The story of Gallant’s life is as compelling as her fiction and almost reads like one of her short stories: she is, like her characters, the sole product of her making. She has lived bravely, rejecting the kinds of lives available to women in the 1950s and setting off for Paris from Canada, not knowing anyone, with the singular intention to write. She promised herself that if she couldn’t live off her writing by the age of thirty she would give it up. She found an agent who sold her work to The New Yorker without her knowledge, leaving her to think that she was a failure as a writer. But she didn’t give up. Her single-mindedness and determination to test her potential not simply as a writer but as the kind of writer she aspired to be have shaped her major life decisions; her commitment to her craft has come before anything else.

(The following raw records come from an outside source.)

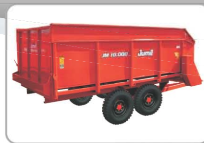
VAGÃO FORRAGEIRO JM10000: Opção de Vendas - sem dosador com rodagem simples (4 rodas) ou com rodagem tandem (4 rodas).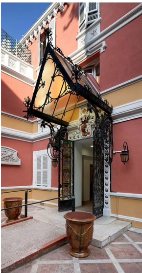
Portail du château des Ollières.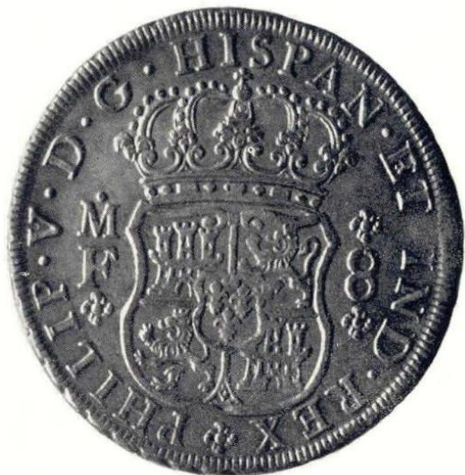
7. Л. ст. Филипп V. 8 реалов 1735 г. Серебро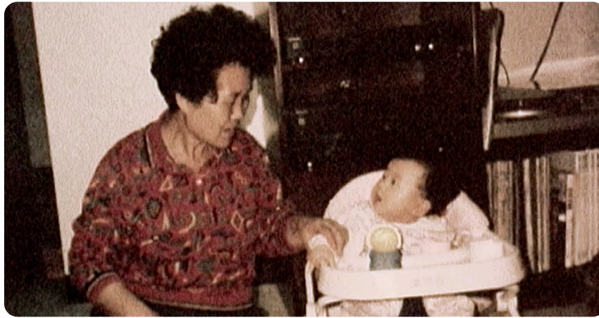
The Way We Wait ©JiYoon Park

JiYoon Park est une artiste cinéaste qui réalise des films de non-fiction créatifs. Ses films laissent place aux ambiguïtés et explorent des langages visuels uniques. Elle capture des moments surréalistes et peu familiers de notre vie quotidienne et les recontextualise pour suggérer des façons non conventionnelles de voir le monde.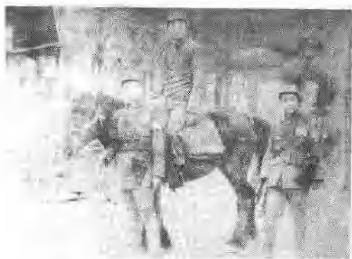
△老红军钟云元(中)在长征时的照片。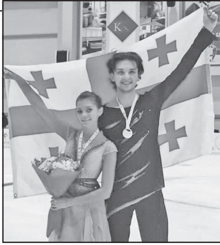
და ბრინჯაოს მედლები დაიმსახურეს.

ჩვენებურებმა სავალდებულოზე გაცილებით მაღალი ტექნიკური ქულები მოაგროვეს და სენიორებს შორის 2020 წლის ევროპისა და მსოფლიოს ჩემპიონატებში გამოსვლის უფლება მოიპოვეს, ხოლო ტურნირზე აღებული 174, 63 ქულით მე-3 ადგილი

In Ireland, I asked Lahiri if she would be interested in interviewing Gallant for Granta. I had in mind not simply a short Q&A, but a long, conversational piece: a dialogue between two writers whose thematic and aesthetic concerns often overlap. Lahiri was thrilled at the idea and Gallant, who is an admirer of Lahiri’s work, agreed. Over the course of three afternoons in February 2009, the two spoke in Paris, the result of which is a piece spanning over forty-seven pages in the most recent issue of Granta. They then gave an intimate reading together at the Village Voice Bookshop which you can view below.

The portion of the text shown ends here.